Fair The Life-Art of Translation by Jen Calleja is a satirical, refreshing and brilliantly playful mix of memoir and autofiction about learning the art of translation, being a bookworker in the publishing industry, growing up, family, and class.  

Home Economics by Caitríona Lally is bold and thought-provoking, self-deprecating and soaked in Caitríona’s singular voice. This is her third book and first memoir and it tackles head on failure, class, economics and ideas of what a writer should be. 

Admission: Free

Fair The Life-Art of Translation by Jen Calleja is loosely set in an imagined book fair/art fair/fun fair, in which every stall or ride imitates a real-world scenario or dilemma which must be observed and negotiated, the book moves between personal memories and larger questions about the role of the literary translator in publishing, about fairness and hard work, the ways we define success, and what it means – and whether it is possible – to make a living as an artist. Fair is also interested in questions of upbringing, background, support, how different people function in the workplace, and the ways in which people are excluded or made invisible in different cultural and creative industries. It connects literary translation to its siblings in other creative arts to show how creative and subjective a practice it is while upholding the ethics and politics at play when we translate someone else’s work. Blurring the lines between memoir, autofiction, satire and polemic, Fair is a singularly inventive and illuminating book by one of the UK’s most original and admired writers and translators. It was longlisted for the Ivan Juritz Prize for Experimentation in Text  

 

Home Economics is Caitríona Lally’s memoir of her time working in the housekeeping department at Trinity College Dublin while she awaits the publication of her first two novels in 2015 and 2021. Having cleaned part-time as a student, this return marks the beginning of a negotiation between the practical and creative demands of a writer’s life – an equation that is further complicated when she becomes pregnant. At Trinity, Caitríona and her colleagues shout to one another through empty, ancient libraries, step around sleeping students and laugh at the cleaner-shaped blind spots in the thinking of feminist conference attendees.
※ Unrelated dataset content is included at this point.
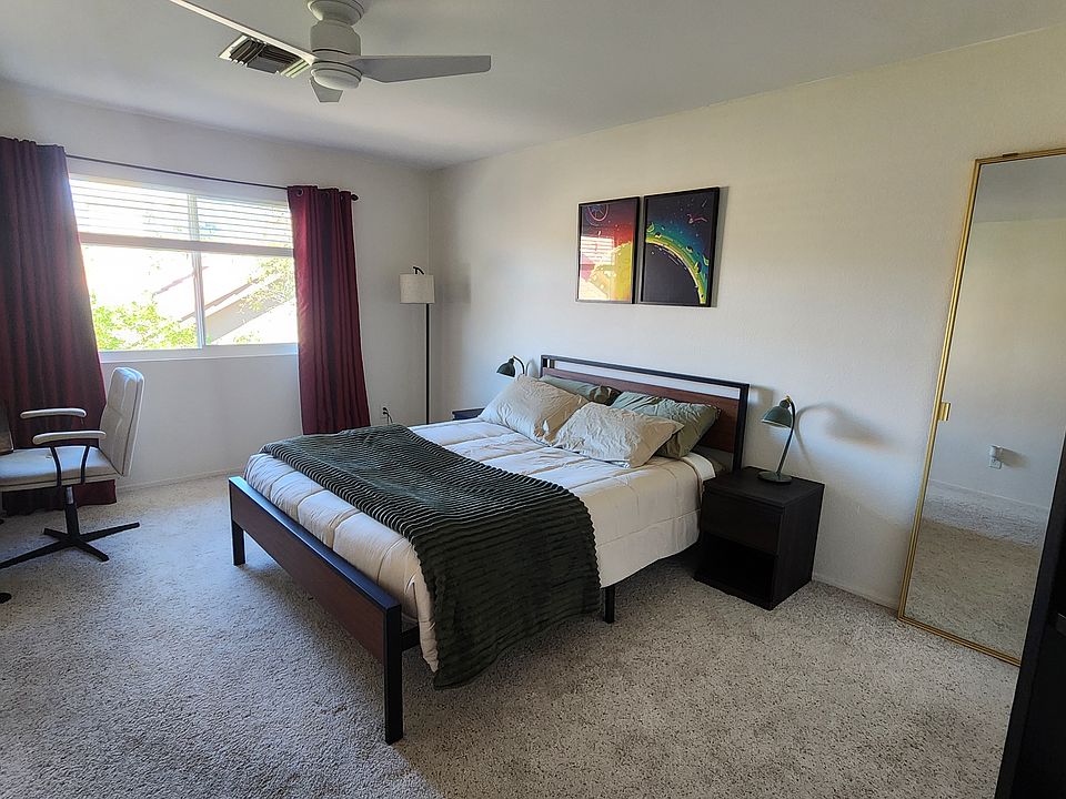 Renting a private fully furnished and spacious bedroom (12' x 15') in a quiet neighborhood just one mile from top Valley trails and minutes from the I-10 for easy commutes. The room's bathroom is shared with one other long-term tenant, and another half bath is accessible for guests.

Lally finds humour in the gap between how the world views this famous university and how she experiences it during her workday while offering a powerful reflection on the work she chooses to do, and why; how we might perceive ourselves, and others; and whether our own personal home economics actually add up. In her third book and first memoir, Caitríona writes in that space between the way the world sees the life of a writer and the reality of her own juggle with all the different, complex parts of her: writer, mother and partner, cleaner and runner, employee and colleague… success and failure.  

Writers

Caitríona Lally

Caitríona Lally is the recipient of the Rooney Prize for Irish Literature (2018) and a Lannan Fellowship for Fiction (2019). In October 2021, she was announced as the inaugural Rooney...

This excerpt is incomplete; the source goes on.